Hingga kini lubang cacing itu belum terbukti. Namun, ilmuwan telah menghabiskan waktu puluhan tahun untuk memahami teori tersebut serta memperkirakan seperti apa bentuk obyek langit eksotis tersebut. Meski hal itu belum terbukti, ilmuwan yakin keberadaan obyek ini mengingat kondisi serupa juga pernah terjadi pada lubang hitam yang baru bisa dibuktikan eksistensinya setelah lebih satu abad sesudah teorinya dibangun.
Dalam jurnal Physical Review D, 19 Januari 2023, fisikawan dari Universitas Jishou di Hunan, China, Lei-Hua Liu memimpin studi untuk memodelkan lubang cacing dari bola bermuatan listrik dan mengamati pengaruhnya terhadap lingkungan sekitar. Simulasi itu dilakukan untuk melihat apakah lubang cacing bisa dideteksi berdasarkan efek yang diamati pada lingkungan sekitarnya.
Dari pemodelan itu diketahui bahwa lubang cacing, kalaupun ada, akan menjadi obyek yang sangat masif. Tingginya kemasifan lubang cacing membuat obyek itu akan berperilaku seperti lubang hitam, yaitu mampu membelokkan ruang dan waktu sehingga cahaya pun ikut berbelok. Pembelokan cahaya itu pada gilirannya akan memperbesar obyek apa pun yang terletak di belakang lubang cacing tersebut.
Fenomena pembelokan cahaya oleh obyek masif itu dikenal sebagai microlensing alias lensa mikro. Teknik ini sudah lama digunakan astronom dengan memanfaatkan galaksi atau lubang hitam untuk melihat obyek-obyek semesta yang sangat jauh, seperti bintang-bintang dan galaksi yang berasal dari alam semesta yang sangat dini.
”Pembesaran melalui distorsi (pembelokan cahaya) oleh lubang cacing itu sangat besar sehingga dapat diuji keberadaannya di masa depan,” kata Liu.

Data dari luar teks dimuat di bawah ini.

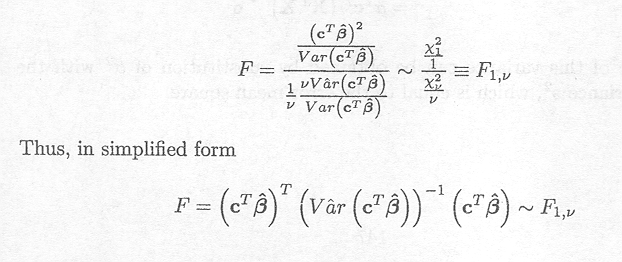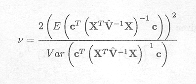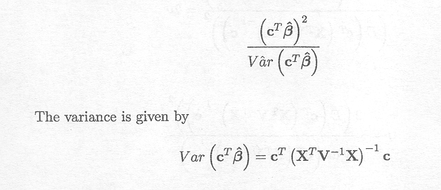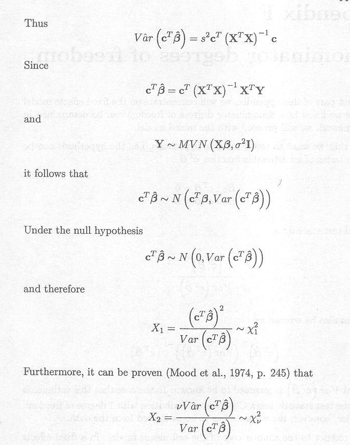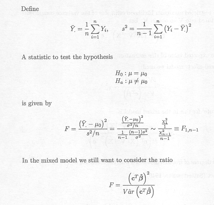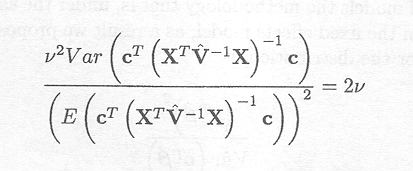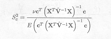 However, due to the more complicated structure of Var (cT) and Var (cT) the denominator degrees of freedom in this ratio is more complicated. In fact we mimic for mixed models the methodology that is, under the assumptions of normality, correct in the fixed effects model; as a result we propose an approximate F-distribution for the distribution of

Meski sama-sama bisa memperbesar obyek, perilaku pembesaran obyek oleh lubang hitam dan lubang cacing berbeda. Pelensaan mikro oleh lubang hitam akan menghasilkan empat bayangan dari sebuah obyek di belakangnya. Sementara pelensaan mikro oleh lubang cacing akan memberi tiga bayangan, dengan dua bayangan redup dan satu bayangan sangat terang.
Namun, karena benda-benda langit juga menghasilkan efek lensa mikro, baik itu galaksi, lubang hitam, atau bintang, upaya mencari lubang cacing tanpa adanya petunjuk yang jelas untuk menentukan langkah awalnya dipastikan akan menjadi upaya yang sangat sulit.
Fisikawan Universitas Texas di Austin, AS, Andreas Karch, yang tidak terlibat dalam studi Liu mengibaratkan pencarian efek lensa mikro akibat lubang cacing di tengah berbagai obyek masif lainnya di alam semesta itu bagaikan mengidentifikasi suara lembut seseorang di tengah konser musik rock yang gegap gempita. Banyak ide untuk mengungkap lubang cacing, tetapi mewujudkannya dalam praktik observasi astronomi di alam semesta yang mahaluas tentu tidak akan mudah.
”Sebagian besar fisikawan tentu memiliki mimpi besar bahwa model yang mereka bangun bisa diuji di masa depan,” tambah Liu.
Sains dan teknologi yang ada saat ini memang belum memungkinkan untuk mendeteksi, menstabilkan, atau memperbesar lubang cacing. Namun, berbagai konsep telah dikembangkan ilmuwan dengan harapan dapat diterapkan di masa depan. Meski tidak mudah, pembuktian lubang cacing tetap bukanlah hal yang mustahil.